### Your task
Images don't belong in the copy. Output the rest of the data exactly.

### Data extract
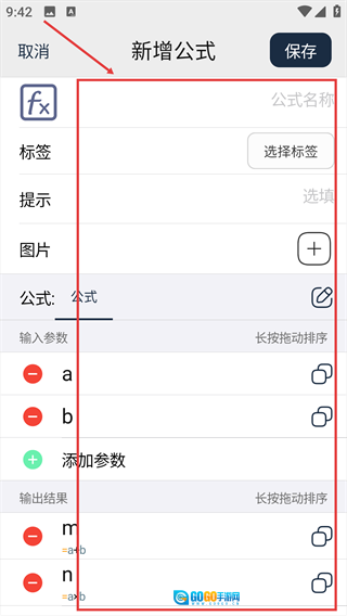 3、填写公式名称、标签和参数等信息。
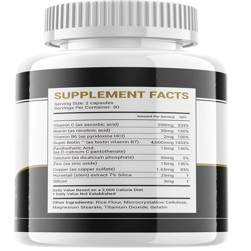 Vitamin C, Niacin, Vitamin B6, Super Biotin (as biotin vitamin B7), Panthotheric Acid, Calcium (as dicalcium phosphate), Zinc, Copper (as copper sulfate), Horsetail (stem) extract 7% Silica, Silicon. Other Ingredients: Rice Flour, Microcrystalline Cellulose, Magnesium Stearate, Titanium Dioxide, Gelatin./div>
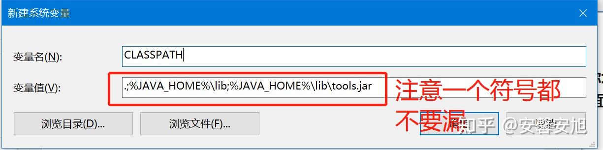 点击系统变量中的新建按钮,添加CLASSPATH环境变量,变量名称填写CLASSPATH,变量值填写.;%JAVA_HOME%\lib;%JAVA_HOME%\lib\tools.jar,注意最前面的.和;都要写进去。
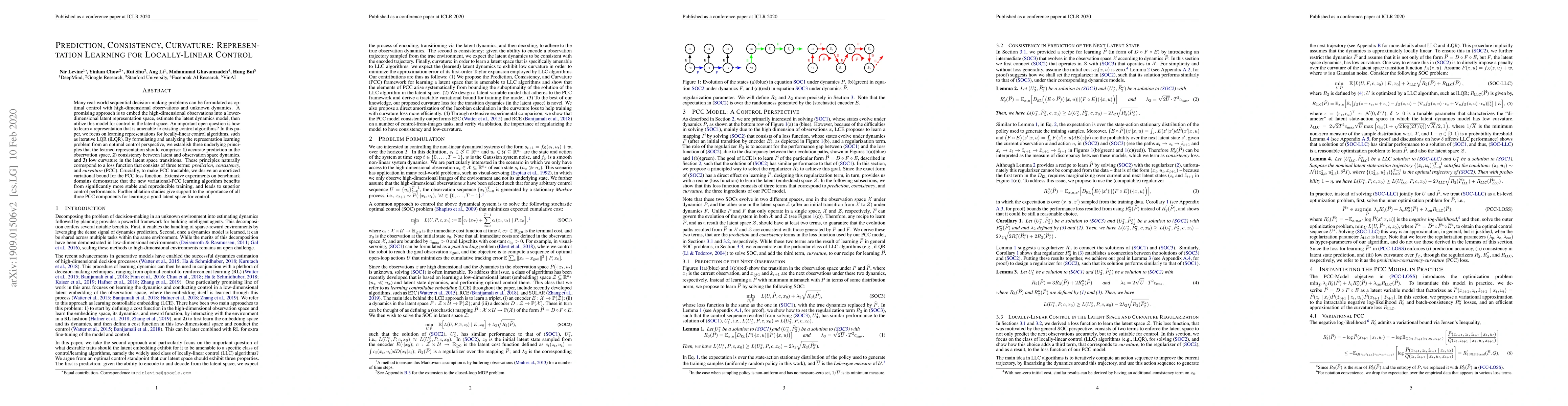 This paper proposes a method for learning latent representations that enhance locally-linear control algorithms, emphasizing prediction accuracy, consistency, and low curvature. An amortized variational bound is introduced to make the PCC loss function tractable, leading to stable and effective control performance in experiments.

### Your response
 3、填写公式名称、标签和参数等信息。
 Vitamin C, Niacin, Vitamin B6, Super Biotin (as biotin vitamin B7), Panthotheric Acid, Calcium (as dicalcium phosphate), Zinc, Copper (as copper sulfate), Horsetail (stem) extract 7% Silica, Silicon. Other Ingredients: Rice Flour, Microcrystalline Cellulose, Magnesium Stearate, Titanium Dioxide, Gelatin./div>
 点击系统变量中的新建按钮,添加CLASSPATH环境变量,变量名称填写CLASSPATH,变量值填写.;%JAVA_HOME%\lib;%JAVA_HOME%\lib\tools.jar,注意最前面的.和;都要写进去。
 This paper proposes a method for learning latent representations that enhance locally-linear control algorithms, emphasizing prediction accuracy, consistency, and low curvature. An amortized variational bound is introduced to make the PCC loss function tractable, leading to stable and effective control performance in experiments.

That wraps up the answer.